DATA EXTRACT: Begin

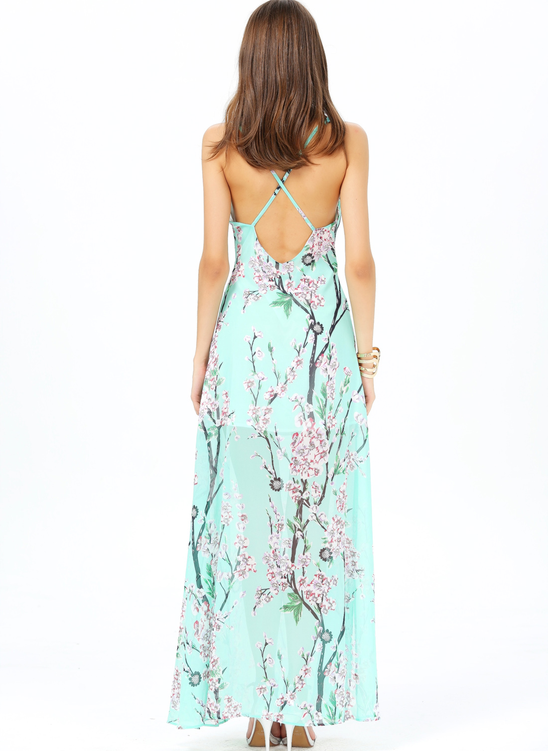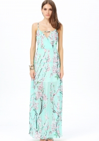 Երկար, ուսակապերով, մեջքային հատվածում խաչվող ուսակապերով, վզի սրտաձև բացվածքով, ծաղկային նախերով ամառային շրջազգեստ:
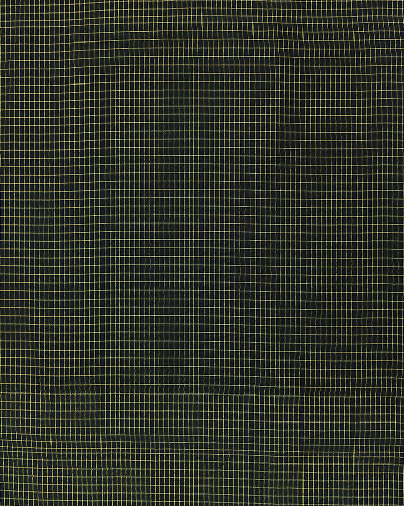 Black silk woven with fine gold zari kattam (checks), creating a sharp geometric pattern with lustrous finish and classic elegance.
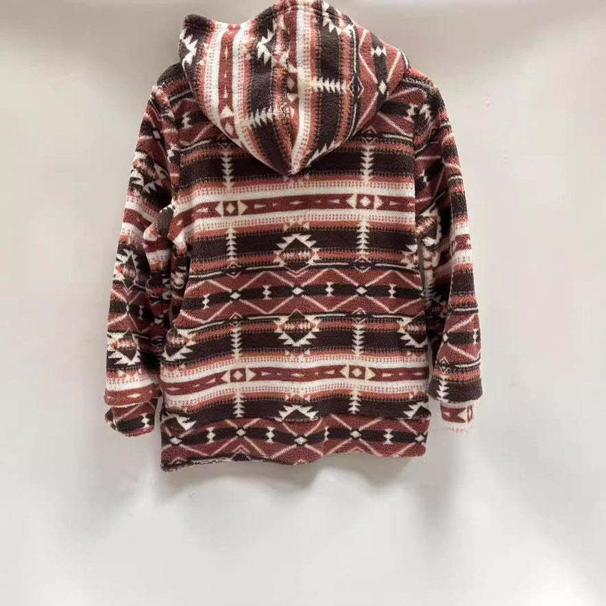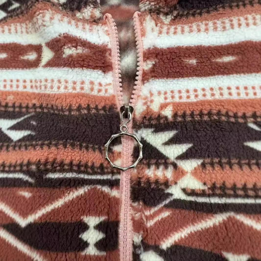 Fashion Casual Geometric Pattern Printed Hooded Zipper Jacket

DATA EXTRACT: End

▶ WHAT THE EXERCISE ASKS: Your response should reproduce the entire listing verbatim, minus the pictures.

▶ ANSWER FOR THE TASK:
 Երկար, ուսակապերով, մեջքային հատվածում խաչվող ուսակապերով, վզի սրտաձև բացվածքով, ծաղկային նախերով ամառային շրջազգեստ:
 Black silk woven with fine gold zari kattam (checks), creating a sharp geometric pattern with lustrous finish and classic elegance.
 Fashion Casual Geometric Pattern Printed Hooded Zipper Jacket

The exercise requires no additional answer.